I had a problem yesterday, so I called Eric, the 11 year old
next door, whose bedroom looks like Mission Control, and asked
him to come over. Eric clicked a couple of buttons and solved
the problem. As he was walking away, I called after him, 'So,
what was wrong?'

He replied, 'It was an ID tenT error.'
I didn't want to appear stupid, but nonetheless inquired,
'An ID tenT error? what's that? In. case I need to fix it
again.'
Eric grinned. 'Haven't you ever heard of an ID ten T error
before?

'No,' I replied.
'Write it down,' he said, 'and I think you'll figure it out.'

So I wrote down: ID10T
I used to like Eric,the little bastard.
 
Talking dog

An elderly man just lost his wife and was rather lonely so he thought a dog might be a good companion.

He saw an ad in the local newspaper for a "talking" dog, $10.

He called the owner and set up an appointment.

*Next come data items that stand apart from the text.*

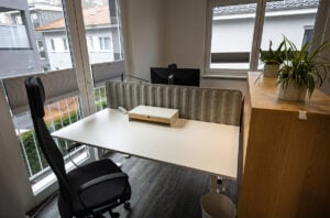 Derzeit bieten wir 14 Arbeitsplätze und einen Besprechungsraum (bis zu 5 Plätze) auf 160 m² an. Die Arbeitsplätze verteilen sich auf Flex Desks und Fix Desks sowie auf drei private Büros. Unsere Telefonbox dient als Rückzugsort für ungestörte Telefonate oder maximal konzentriertes Arbeiten.
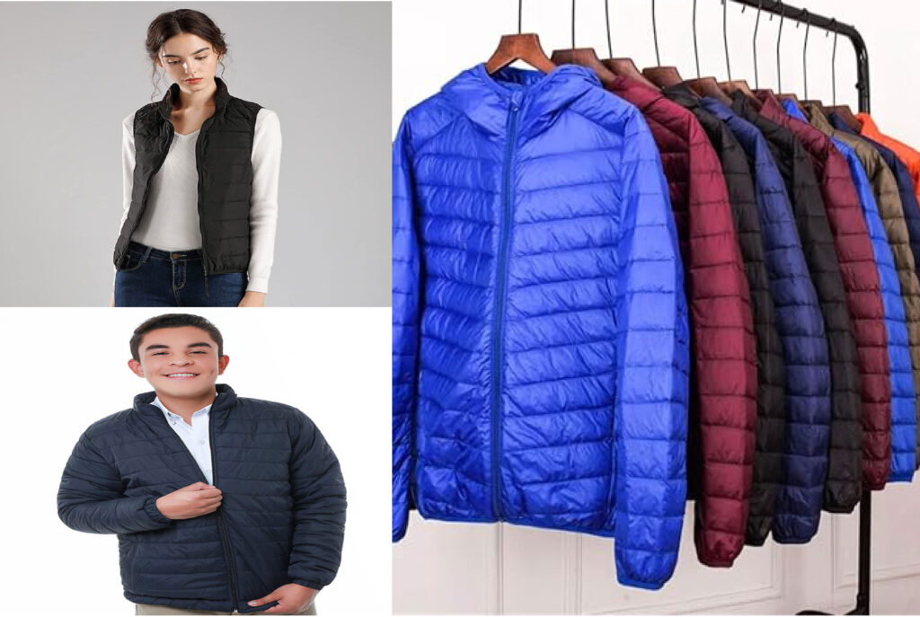 Chaquetas y chalecos en tela antifluido, acolchado en guata de 300 gramos, dos bolsillos exteriores con cremallera, un bolsillo interior de tapa, se pueden fabricar con capota.
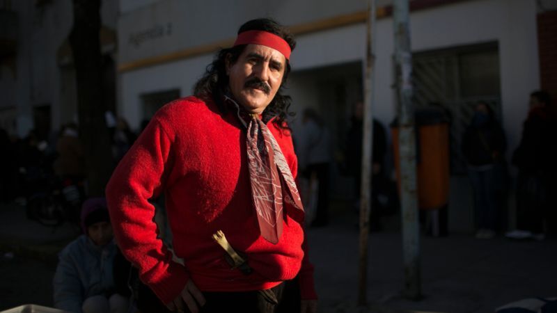 Angelito Ribero, dressed as folk saint Gauchito Gil, stands outside the San Cayetano church in Buenos Aires, Argentina. Legend holds that Gil was a 19th century outlaw who robbed the rich to give to the poor. His spirit is believed to perform miracles. Image by Natacha Pisarenko via AP.
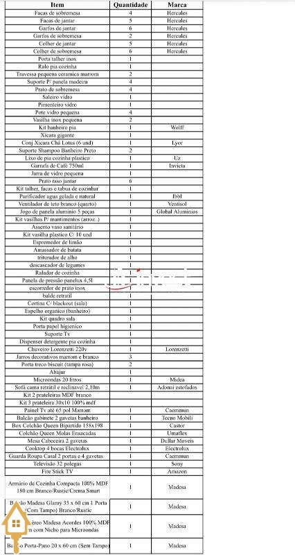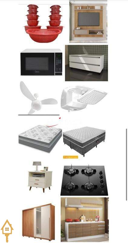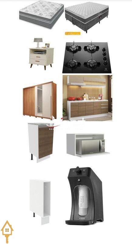 - Cozinha com armários na cozinha ,utensílios domésticos, geladeira, purificador de agua (natural e fria), micro-ondas, cooktop 4 bocas;
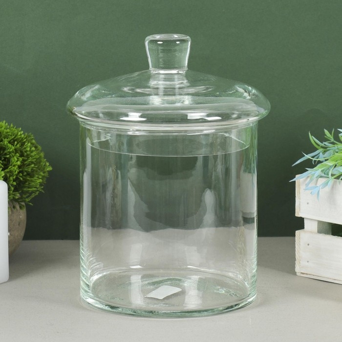 Ваза "Трубка 146" Падерборн с крышкой малая d-14см, h-15см (с крышкой h-20см) V-2,5л прозрачная 113
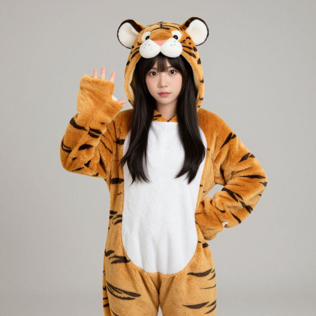 Asian woman in tiger onesie with hood, striped fur, white belly, black hair, waving right hand, neutral gray background.
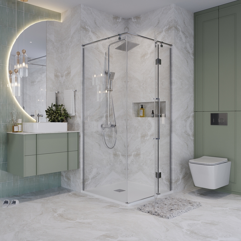 Душевое ограждение Niagara Nova NG-6631-34 (90х90х195) квадрат,хром,дверь распашная,стекло прозрачное,1 место купить по низкой цене в интернет-магазине «ГЕБОСАН»
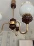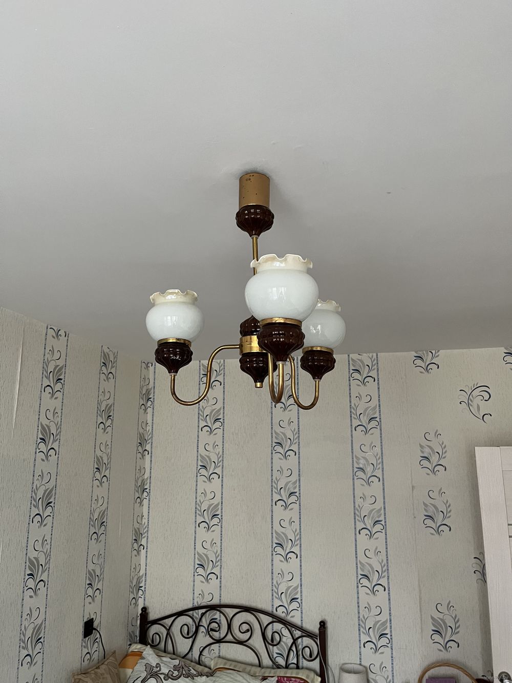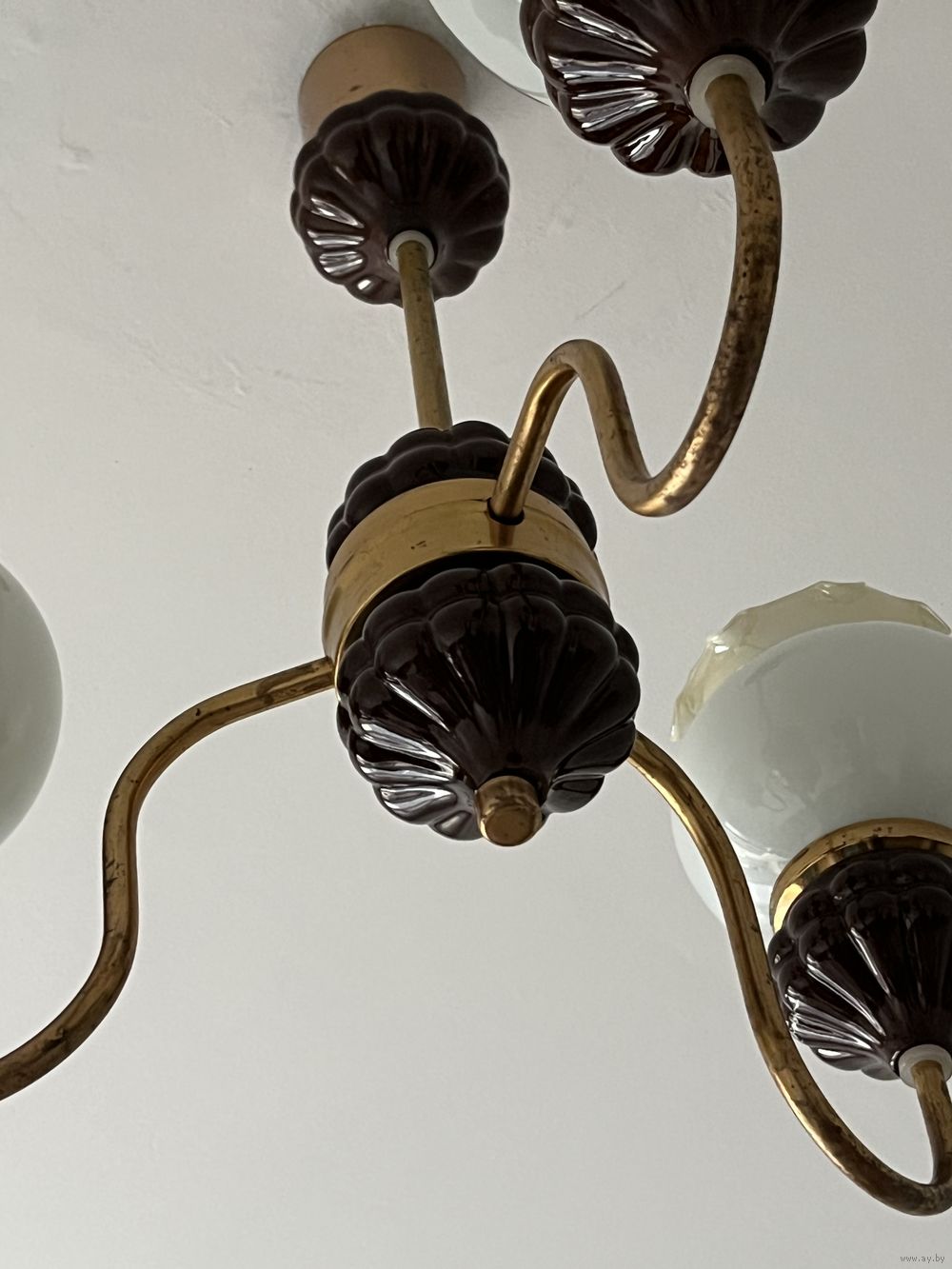 Люстра металл, керамика, клеймо Ленинградское ПО «Луч», встречается редко, даже в России. Есть следы естественного старения. Есть пару реставрированных сколов. Плафоны белые небольшие, без дефектов.
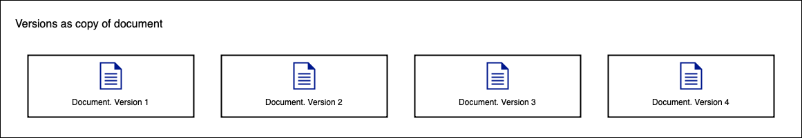 In this model, users create a new version by duplicating the document and adding version information to the copy. Although this may not seem like a version history from the system's perspective, it is the most popular approach among users. You have likely used this method yourself, creating copied files with added information like "Final Version." This approach is familiar and easy to understand, allowing users to manage and control their versions independently.
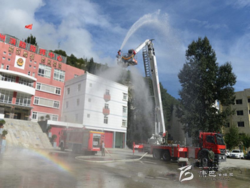 本網(wǎng)訊(劉國謙文/圖)9月8日上午,甘孜消防支隊(duì)操場衛(wèi)聳立著一道“銀色天梯”,筆者在現(xiàn)場目擊了 DG-32C登高平臺消防車的變形過程。隨著 4個(gè)支撐架的展開,車體被架離地面,登高平臺臂緩緩上升,如“擎天柱”般伸向云端。在兩名駕駛員的配合操作下,平臺頂端配載的水炮噴射出一條長長的水龍,隨著水壓漸漸加大,奔騰的水龍帶著一道彩虹劃過高空,成為云端深處一道壯觀的麗景。
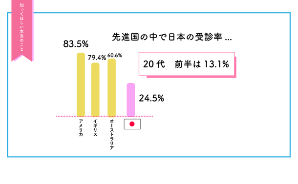 しかし現在、ワクチン接種率は1%以下、検診受診率は40%(*3)と、先進国のなかで飛び抜けて低いのが実状。
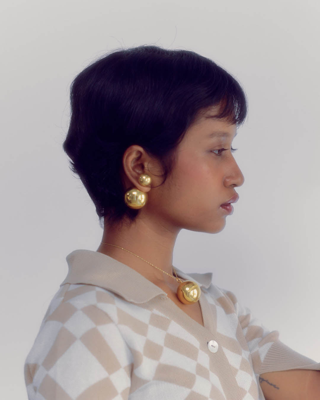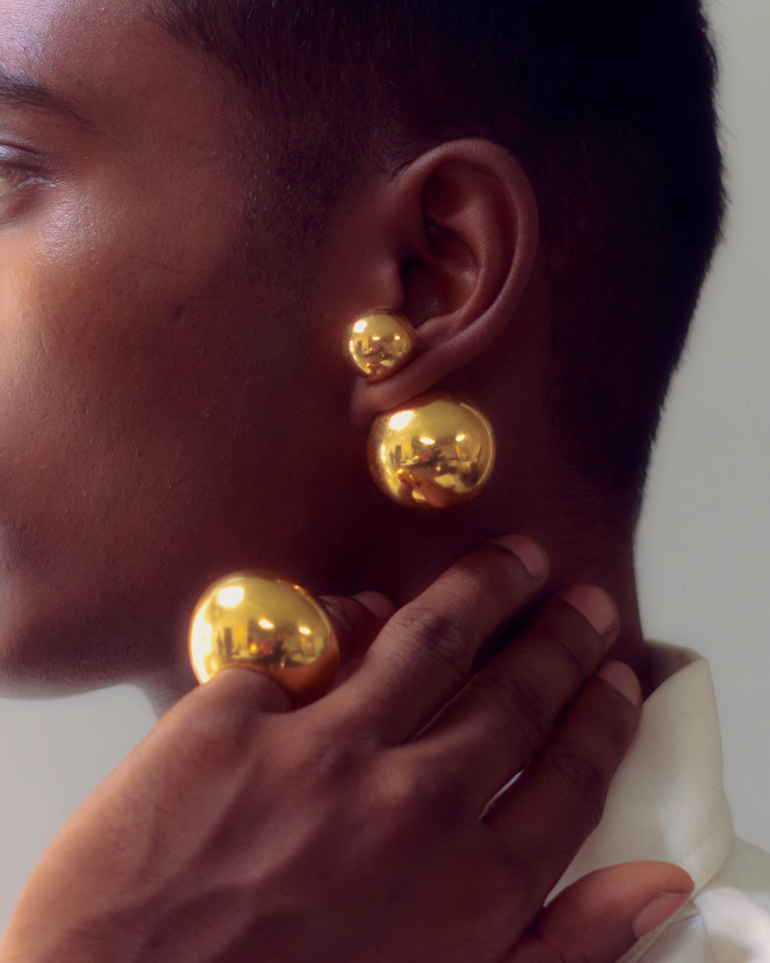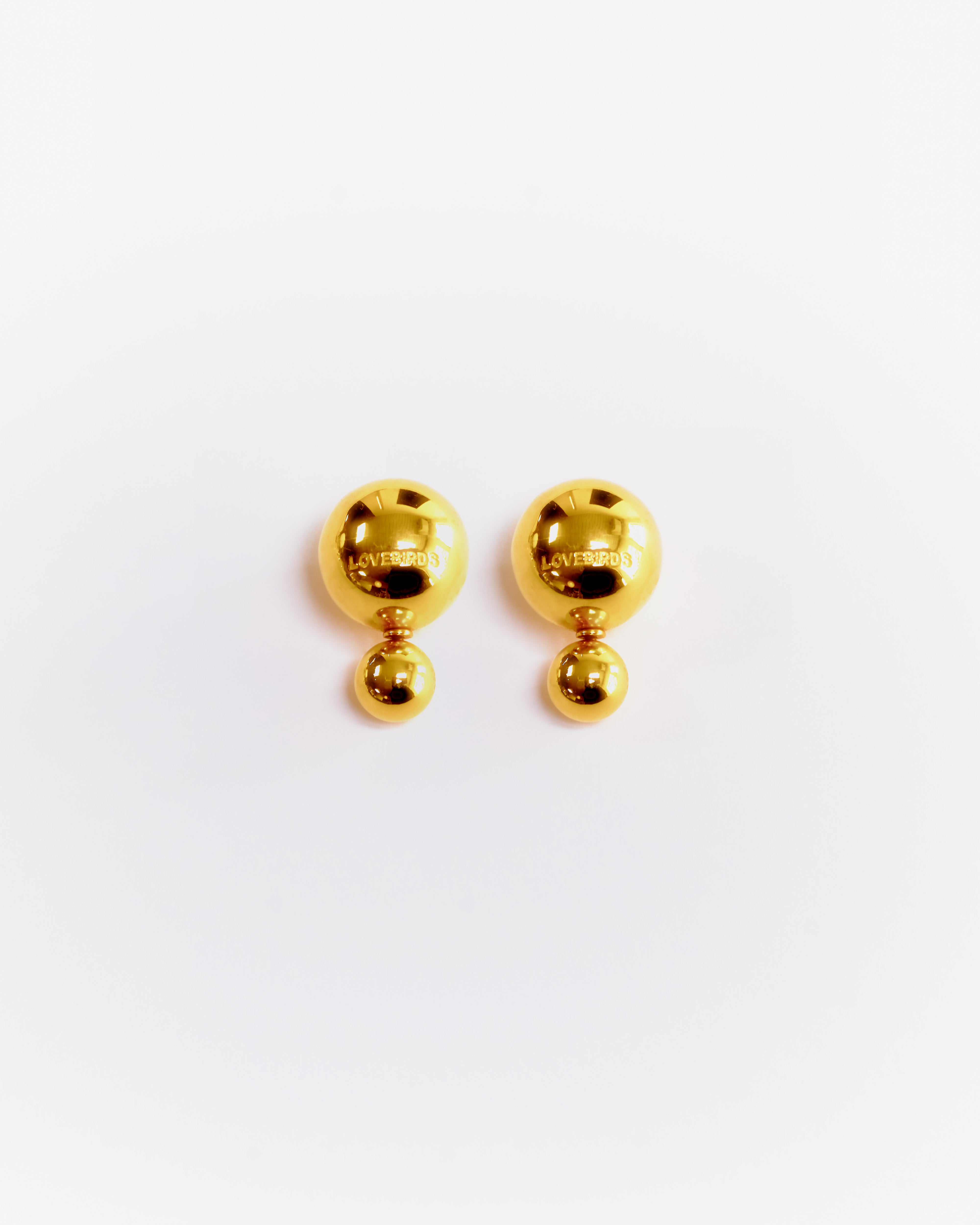 A pair of 35mm Sphere light weight Ear-studs with 18KT high shine gold finish, fastened by 15mm sphere. Comes with an extra regular fastener to use the spheres separately.
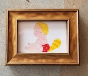 水彩 鉛筆 コットンペーパー 縦6.8cm 横9.9cm 額 縦10cm 横12.8cm 厚さ1.8cm どこかを見据える肝の座ったあそびん皇子0歳
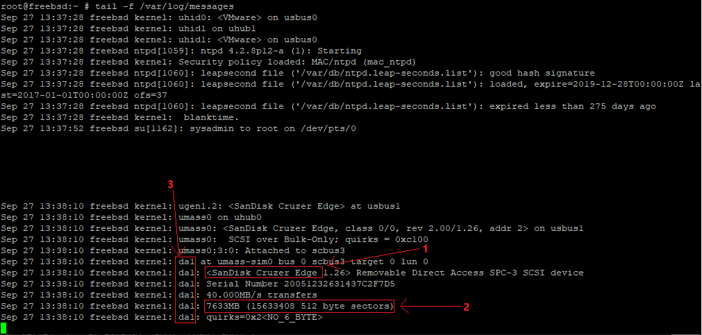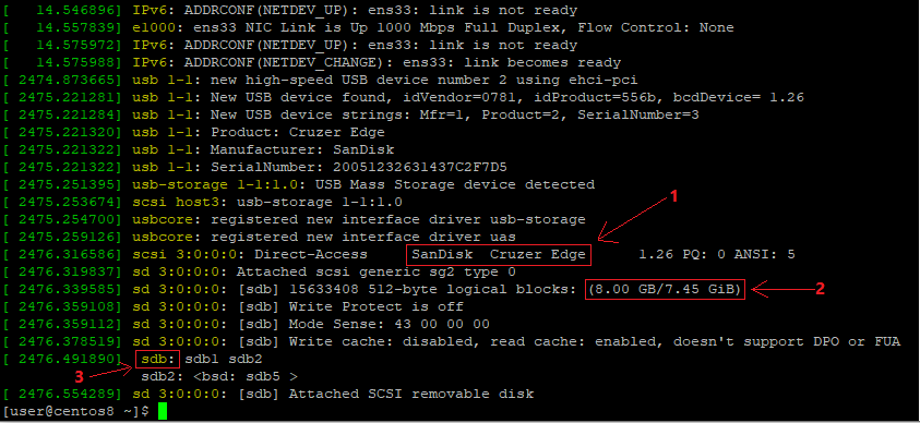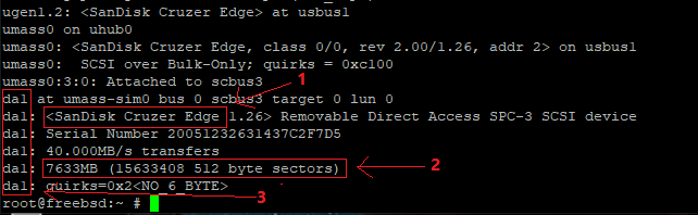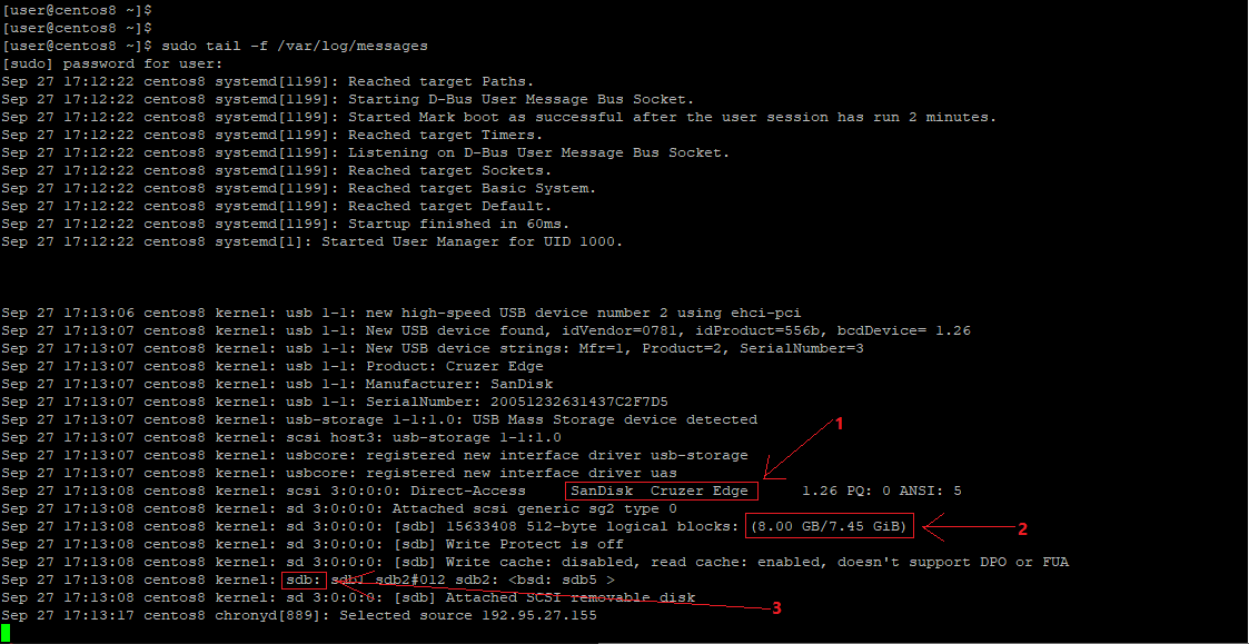 Alla fine del log visualizzato nel terminale si troveranno i dati del dispositivo USB; assicurarsi che (1) il nome del dispositivo corrisponda, (2) la dimensione rilevata sia giusta e (3) prendere nota del nome assegnato al dispositivo USB
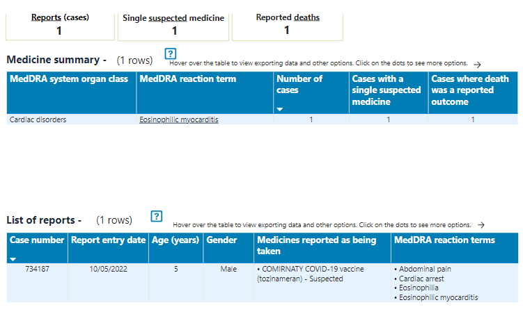 Below is the report of a five year old boy who died due to myocarditis after Pfizer vaccination (DAEN, entry date 10 May 2022). Myocarditis is an ‘expected’ severe adverse event included in the product information. But there is no public comment from the TGA, and the safety report continues to state that no deaths in children are causally linked to Covid vaccination.

On arrival the owner told the man the dog was out back, go ahead and talk to him.

"What's up, how's it going?" said the man. "Great said the dog!"

"Why is your owner selling you?" asked the man?

"Well, I guess I've served my purpose. I was a spy for the CIA. I could walk into secret meetings and report back. I did this for many years. I single handedly prevented many wars and saved numerous lives. They fed me steak, I stayed in the finest hotels, and always travelled first class. The cold war is over now I can't walk very good. So he's selling me."

The man returned to the owner and said he'd take the dog. But first asked, "Why are you selling this famous dog for only $10?'

The owner replied, "He didn't do any of that sh*t!"